The story of the Passover and Exodus from Egypt is the great foundation myth of the Israelite people.
It was probably written down some 700 years after the Passover, based on memories passed down orally from generation to generation from the 15th-13th Century BC, as part of religious ceremonies.

As a result the Israelites came to see themselves as a people specially chosen and loved by the one all-powerful God, a God of justice who would protect them, so long as they kept to their side of the covenant he made with them through Moses.

But perhaps there was a darker side to the Passover too. Was it accompanied by intercommunal violence, like the partition of India? Could the reason for marking the doorways with blood be so that Israelite gangs bent on murder would not attack Israelite homes? Did the departing Israelites pillage their neighbours houses to steal the gold and silver and clothes they took away with them? It is impossible to know – there is just too little evidence – but it does not seem unlikely to me.

Whatever the truth of this, the Passover and Exodus played a critical role in forging the national identity of the Israelites as a distinct people, as they faced the hardships of the wilderness, and fought to establish themselves as farmers in the fertile lands of Canaan. There they were to suffer repeated defeats, occupation and deportation. But they always returned, thanks to their strong sense of identity forged at the time of the Exodus, and their faith in their covenant with God. In my own lifetime, Jews have returned again to build the strong state of Israel – though at the expense of Palestinians turned out from their ancestral homes.

Jesus was able to build on this Jewish sense of identity to proclaim his good news. He used the symbolism of the Passover lamb – quite deliberately, I think – when he went up to Jerusalem for the Passover. There his passion and death shows Christians how to confront evil with self-sacrifice, becoming our Paschal Lamb, who died to save us from the slavery of sin. And the early church was able to broaden the terms of the covenant to include gentiles as well as Jews - largely through the insights of St Paul and St Peter - so that we gentile Christians now claim that covenant with God for ourselves.
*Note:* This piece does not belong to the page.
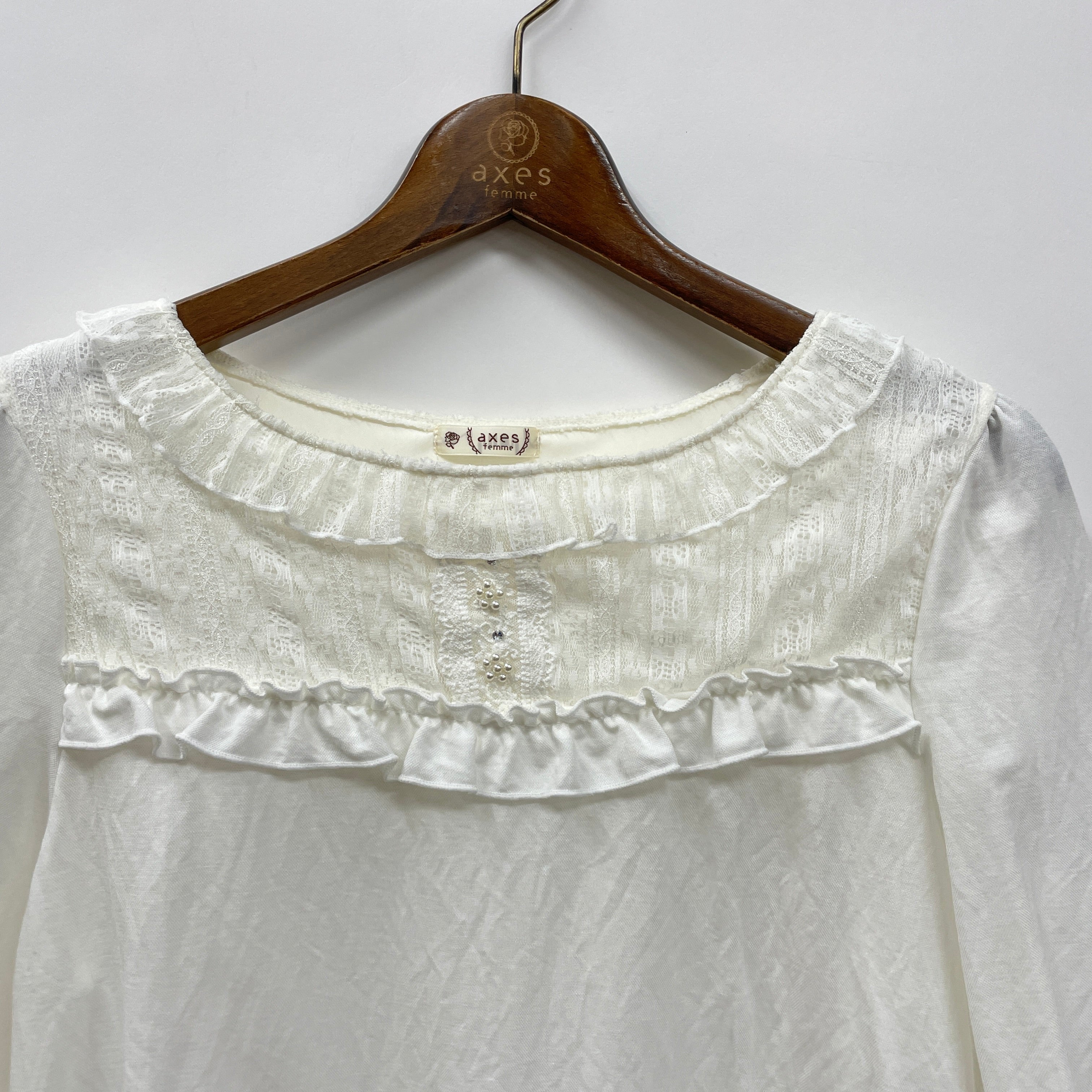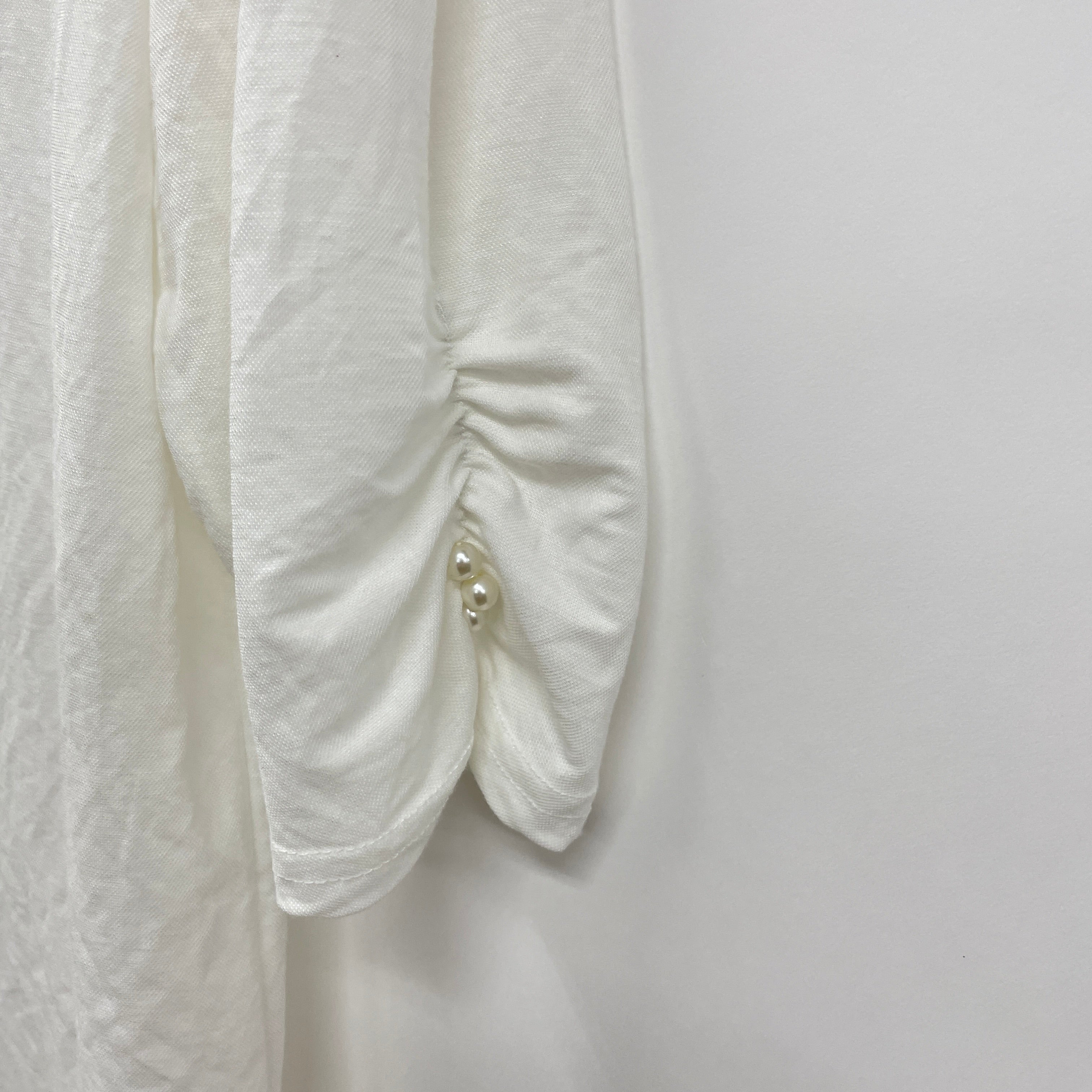 トレンド感のある袖口ギャザーのデザインに、首元の手付パールや袖口のパール使いが上品見えする一枚です。

Today we face a different sort of slavery to the ancient Israelites – a slavery of excess.
Men and women are driven by economic forces to ever greater consumption. We are enslaved by a false God of endless economic growth to maximise return on investment, without thought for others or the future. As a society, we do not care for the poor in our own country as we should. We do too little to ease the plight of refugees from conflict and natural disasters. We continue to pollute the atmosphere with greenhouse gases which threaten environmental catastrophe. We ignore issues of global justice and ethnic tensions springing from competition for scarce resources. How do we as Christians respond to these moral challenges?

We know we must change our ways, as we travel into the future on a pilgrimage of faith and hope. We cannot see our promised land, nor can we be certain how to get there, so we are filled with fear about giving up our comfortable lifestyles to sojourn in the wilderness. In our imagination we suffer hunger and thirst, with wild animals lurking in the bushes and unfriendly neighbours ready to attack. And we protest that the costs of the journey are to be borne by us, while the benefits will not be felt in our time.

Yet we can learn from the history of the children of Israel - how they changed after the Passover and the Exodus from a bickering group of refugees into a nation and flourished in their promised land. As we can too, in ours.

We need to sense the urgency of God’s call to us to get ready for a new life. We hear it in Jesus’s proclamation, ‘Repent, for the kingdom of God has come near’. We must trust in our covenant with the one almighty God, who chooses us and loves us. We will get our focus right if we follow Jesus’s commandments to love God and to love our neighbours.

But we have to move quickly – ‘the night is far gone, the day is near’, as Paul tells the Romans in today’s Epistle reading (Romans 13:8-14).